-- TASK TO COMPLETE --
Using the data below, set down every line from the one containing "نمونه تراکت آماده" through the one containing "의뢰인은 해당 사건으로", inclusive and unchanged. Pictures are to be skipped.
[DATASET RECORDS]
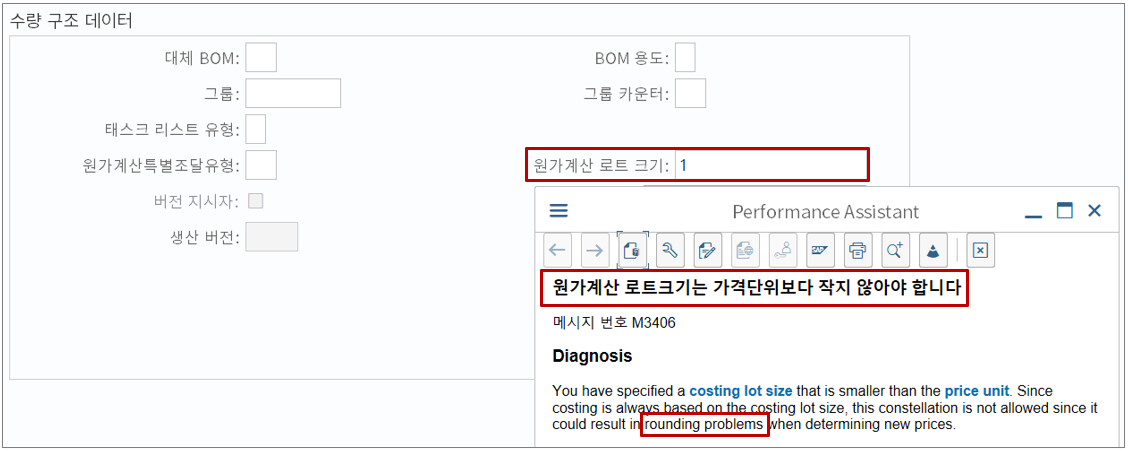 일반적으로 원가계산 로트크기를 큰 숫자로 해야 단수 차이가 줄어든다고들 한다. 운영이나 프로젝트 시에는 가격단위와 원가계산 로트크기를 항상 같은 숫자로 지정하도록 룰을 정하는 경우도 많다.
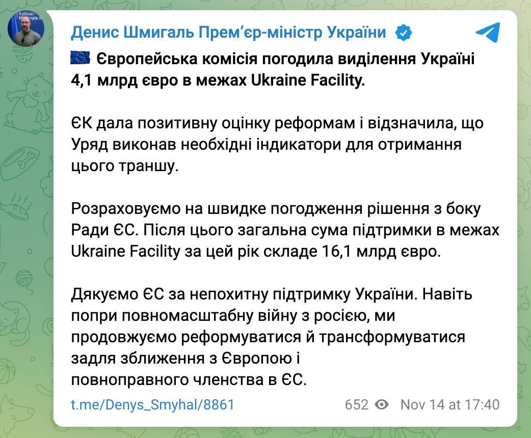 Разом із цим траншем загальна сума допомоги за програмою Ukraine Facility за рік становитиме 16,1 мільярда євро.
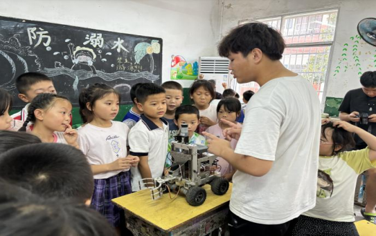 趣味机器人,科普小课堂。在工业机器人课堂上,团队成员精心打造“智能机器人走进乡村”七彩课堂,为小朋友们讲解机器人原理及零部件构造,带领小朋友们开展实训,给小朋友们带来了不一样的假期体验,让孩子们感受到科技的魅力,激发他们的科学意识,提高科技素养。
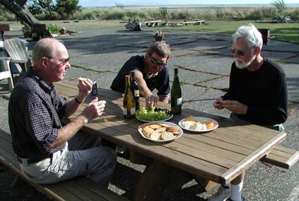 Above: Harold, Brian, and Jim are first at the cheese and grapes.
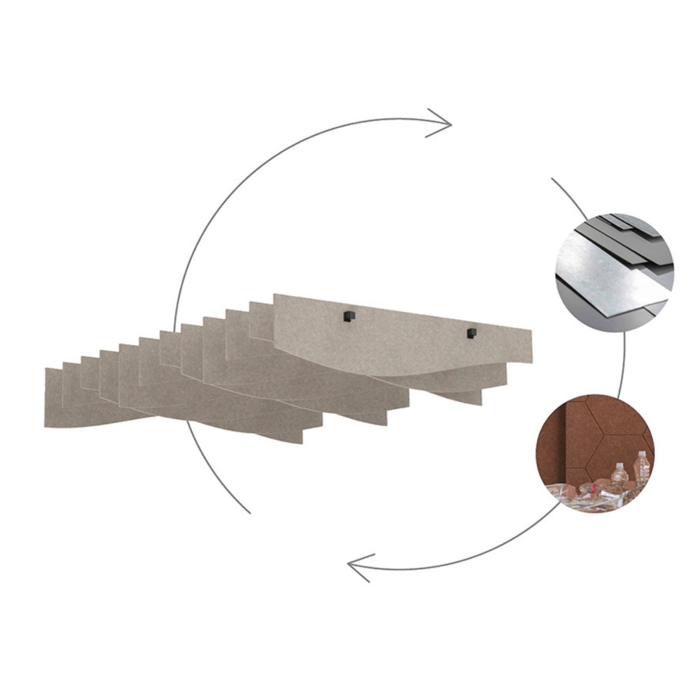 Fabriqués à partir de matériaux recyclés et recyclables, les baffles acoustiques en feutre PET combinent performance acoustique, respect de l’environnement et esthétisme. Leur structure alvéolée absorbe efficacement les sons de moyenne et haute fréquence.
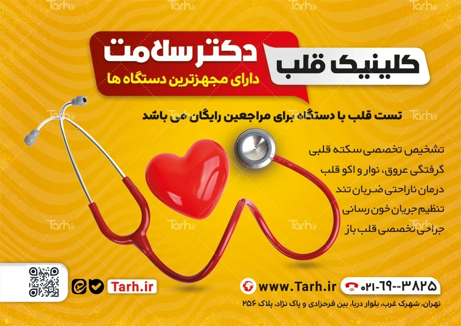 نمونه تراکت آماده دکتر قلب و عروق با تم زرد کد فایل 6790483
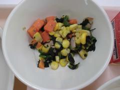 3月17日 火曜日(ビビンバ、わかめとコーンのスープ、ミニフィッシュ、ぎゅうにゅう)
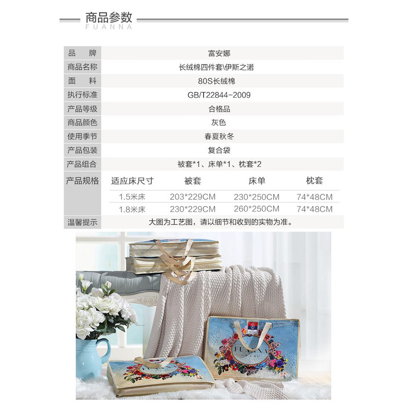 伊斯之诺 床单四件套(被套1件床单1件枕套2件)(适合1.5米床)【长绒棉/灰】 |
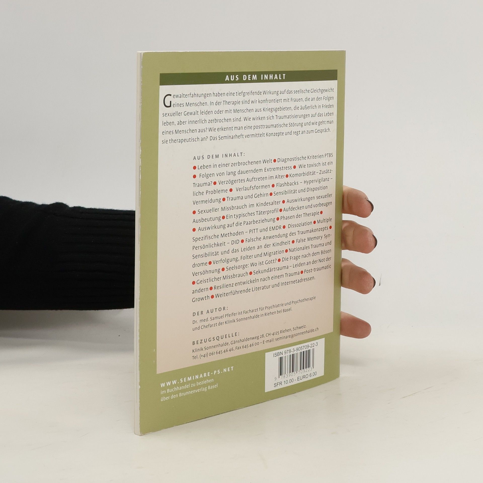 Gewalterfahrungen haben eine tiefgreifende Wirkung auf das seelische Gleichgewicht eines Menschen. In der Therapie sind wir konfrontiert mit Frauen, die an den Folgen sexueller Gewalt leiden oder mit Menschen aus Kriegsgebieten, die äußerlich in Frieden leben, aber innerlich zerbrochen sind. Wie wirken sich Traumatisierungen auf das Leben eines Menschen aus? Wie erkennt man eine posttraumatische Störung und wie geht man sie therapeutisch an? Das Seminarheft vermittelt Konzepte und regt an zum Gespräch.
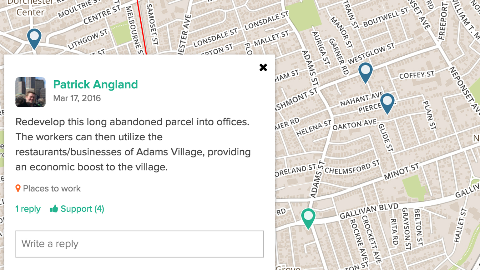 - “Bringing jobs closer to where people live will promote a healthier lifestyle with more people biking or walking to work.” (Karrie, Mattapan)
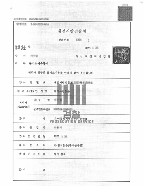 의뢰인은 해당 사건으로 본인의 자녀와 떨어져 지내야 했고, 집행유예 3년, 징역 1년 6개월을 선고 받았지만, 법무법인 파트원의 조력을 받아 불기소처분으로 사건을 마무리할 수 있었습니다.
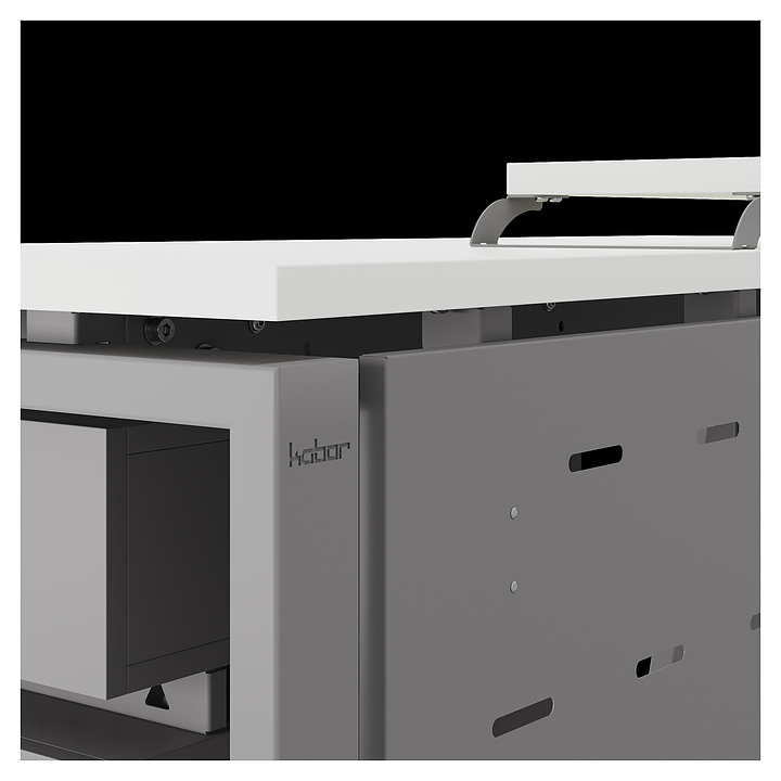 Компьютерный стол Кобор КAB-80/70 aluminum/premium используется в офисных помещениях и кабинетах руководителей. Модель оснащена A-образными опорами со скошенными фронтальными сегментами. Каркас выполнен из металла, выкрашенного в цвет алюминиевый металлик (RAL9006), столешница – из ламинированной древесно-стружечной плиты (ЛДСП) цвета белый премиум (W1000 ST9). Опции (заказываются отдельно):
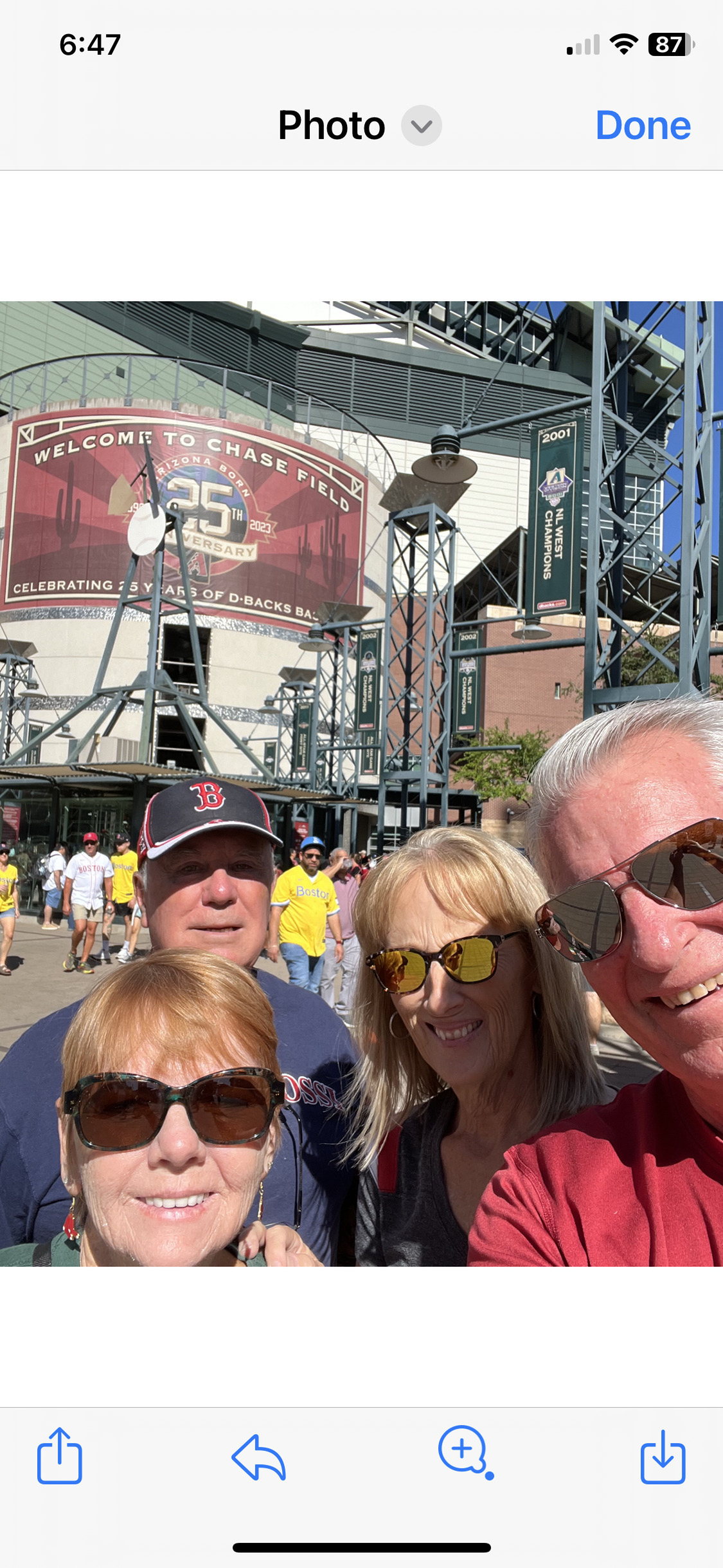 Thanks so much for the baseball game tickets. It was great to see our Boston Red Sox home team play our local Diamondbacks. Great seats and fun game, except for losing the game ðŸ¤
[/DATASET RECORDS]
-- OUTPUT FOR THIS TASK --
 نمونه تراکت آماده دکتر قلب و عروق با تم زرد کد فایل 6790483
 3月17日 火曜日(ビビンバ、わかめとコーンのスープ、ミニフィッシュ、ぎゅうにゅう)
 伊斯之诺 床单四件套(被套1件床单1件枕套2件)(适合1.5米床)【长绒棉/灰】 |
 Gewalterfahrungen haben eine tiefgreifende Wirkung auf das seelische Gleichgewicht eines Menschen. In der Therapie sind wir konfrontiert mit Frauen, die an den Folgen sexueller Gewalt leiden oder mit Menschen aus Kriegsgebieten, die äußerlich in Frieden leben, aber innerlich zerbrochen sind. Wie wirken sich Traumatisierungen auf das Leben eines Menschen aus? Wie erkennt man eine posttraumatische Störung und wie geht man sie therapeutisch an? Das Seminarheft vermittelt Konzepte und regt an zum Gespräch.
 - “Bringing jobs closer to where people live will promote a healthier lifestyle with more people biking or walking to work.” (Karrie, Mattapan)
 의뢰인은 해당 사건으로 본인의 자녀와 떨어져 지내야 했고, 집행유예 3년, 징역 1년 6개월을 선고 받았지만, 법무법인 파트원의 조력을 받아 불기소처분으로 사건을 마무리할 수 있었습니다.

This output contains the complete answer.